---- Information supplied

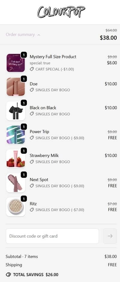 Add 2 eligible ColourPop Lip or Eye Singles to cart and the lowest priced one will become FREE. FREE SHIPPING applies to orders $35+. Excludes sale items. Other exclusions may apply. Take a look at our other favorite finds!
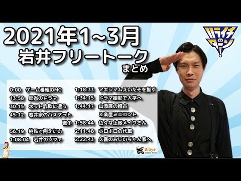 Share Facebook Twitter Pinterest LinkedIn 0:00 ゲーム番組のMC 13:58 反省のドラマ 30:15 ネット詐欺に遭う 45:12 岩井家のバスマット戦争 56:19 桃鉄で例えたい 1:08:04 岩井のソファ 1:18:33 マキシマムえいたそを推す 1:34:15 ドラマ撮影で大学へ 1:44:17 山添展の稽古&楽屋ミニコント 1:58:44 色々な上級メイクさん 2:11:48 ボロボロの代車 2:22:43 久喜のおじいちゃん家へ 今ここにある危機とぼくの好感度について
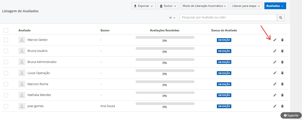 Adicione formulários e avaliadores para cada avaliado listado pelo ícone do lápis:
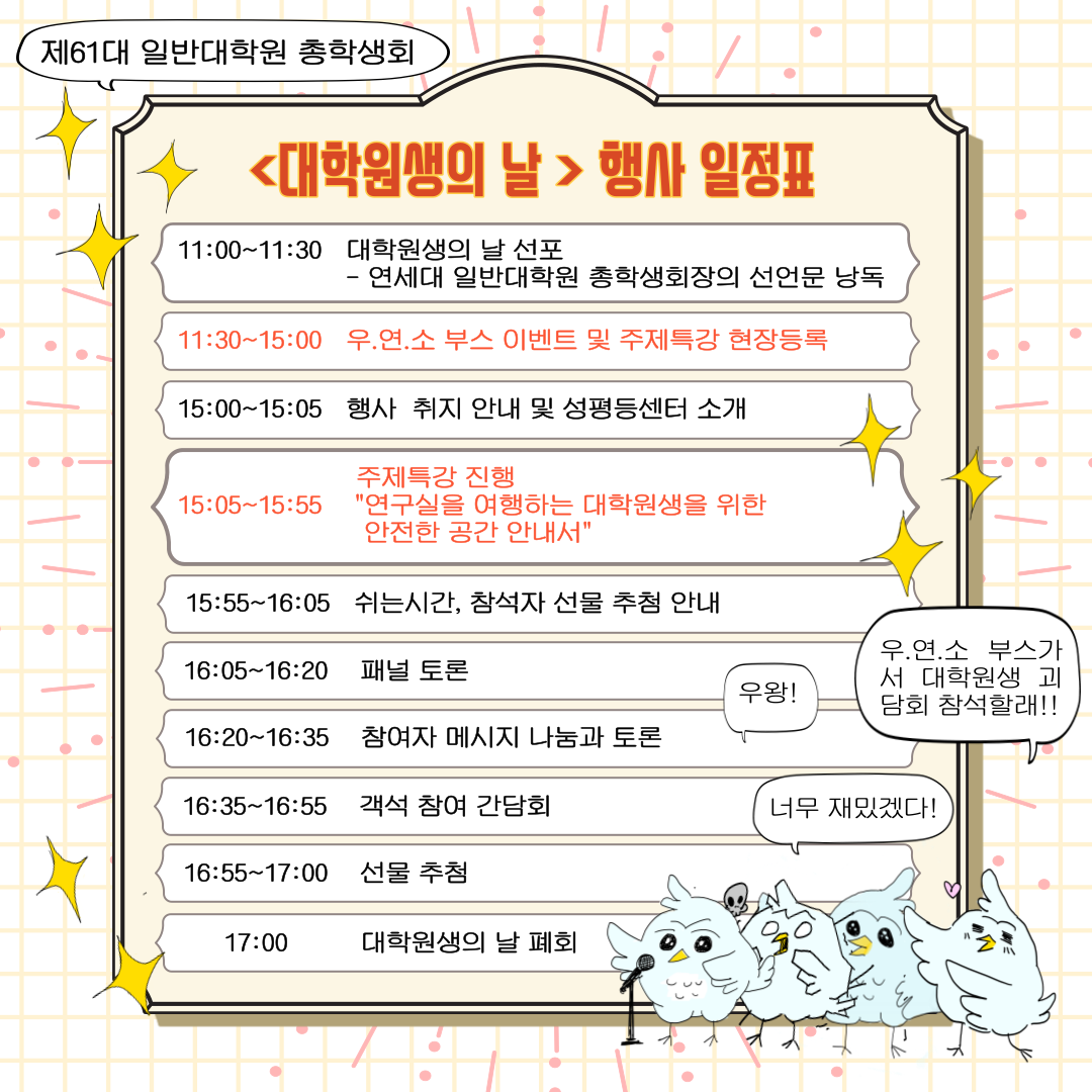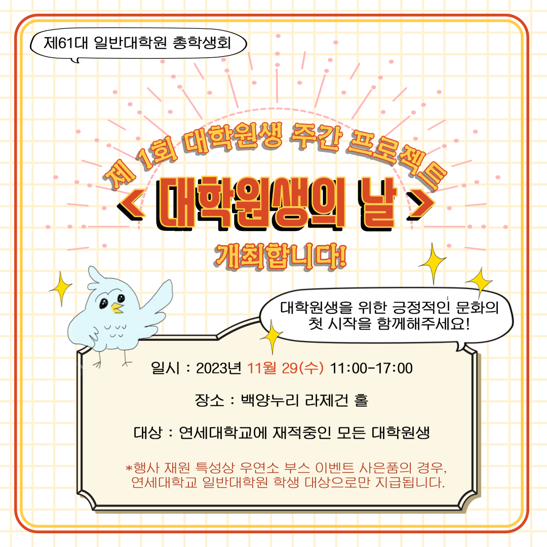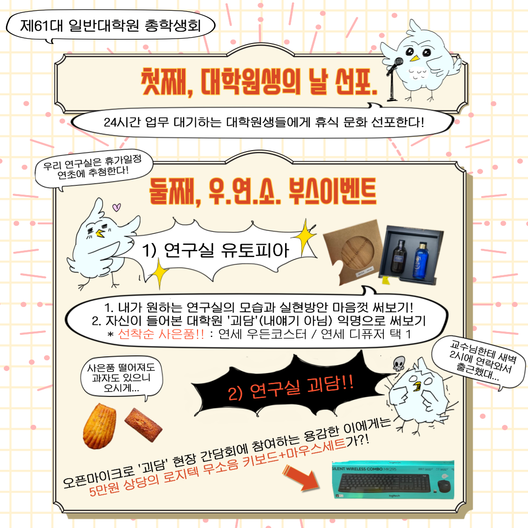 일반대학원 총학생회에서 주관하는 <제1회 대학원생 주간> 사업의 오프라인 사업인 '대학원생의 날' 행사를 아래와 같이 소개드립니다.
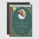This fun yet romantic wedding save the date card features a book illustration with hand-drawn floral accents in faux gold foil, an oval photo, and vintage inspired typography. The book background and text colors are customizable. The look is romantic and elegant, like a classic storybook! See the collection for additional items.
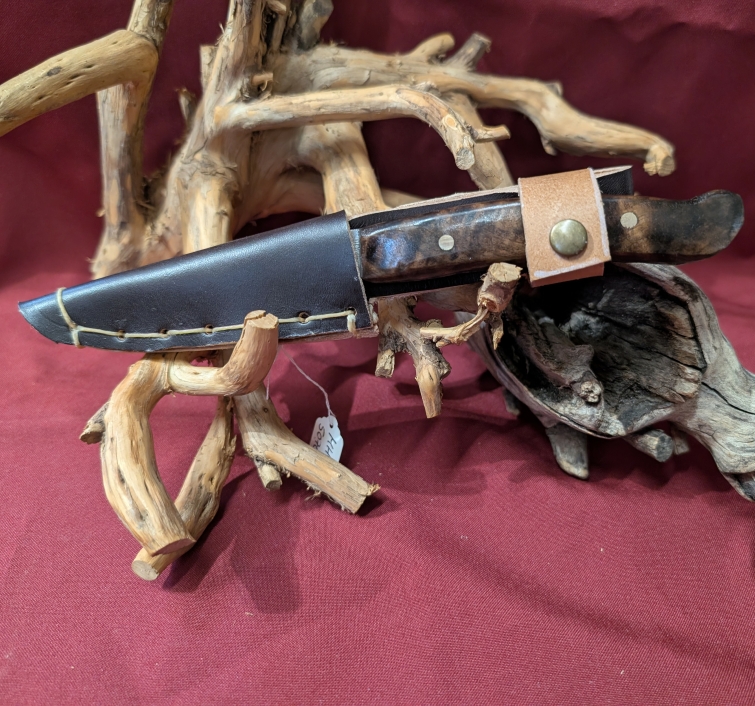 Die mitgelieferte, ebenfalls in Handarbeit, gefertigte Messerscheide, besteht aus Rindsleder.

--------

With the pictures removed, repeat the listing above exactly as it stands.

 Add 2 eligible ColourPop Lip or Eye Singles to cart and the lowest priced one will become FREE. FREE SHIPPING applies to orders $35+. Excludes sale items. Other exclusions may apply. Take a look at our other favorite finds!
 Share Facebook Twitter Pinterest LinkedIn 0:00 ゲーム番組のMC 13:58 反省のドラマ 30:15 ネット詐欺に遭う 45:12 岩井家のバスマット戦争 56:19 桃鉄で例えたい 1:08:04 岩井のソファ 1:18:33 マキシマムえいたそを推す 1:34:15 ドラマ撮影で大学へ 1:44:17 山添展の稽古&楽屋ミニコント 1:58:44 色々な上級メイクさん 2:11:48 ボロボロの代車 2:22:43 久喜のおじいちゃん家へ 今ここにある危機とぼくの好感度について
 Adicione formulários e avaliadores para cada avaliado listado pelo ícone do lápis:
 일반대학원 총학생회에서 주관하는 <제1회 대학원생 주간> 사업의 오프라인 사업인 '대학원생의 날' 행사를 아래와 같이 소개드립니다.
This fun yet romantic wedding save the date card features a book illustration with hand-drawn floral accents in faux gold foil, an oval photo, and vintage inspired typography. The book background and text colors are customizable. The look is romantic and elegant, like a classic storybook! See the collection for additional items.
 Die mitgelieferte, ebenfalls in Handarbeit, gefertigte Messerscheide, besteht aus Rindsleder.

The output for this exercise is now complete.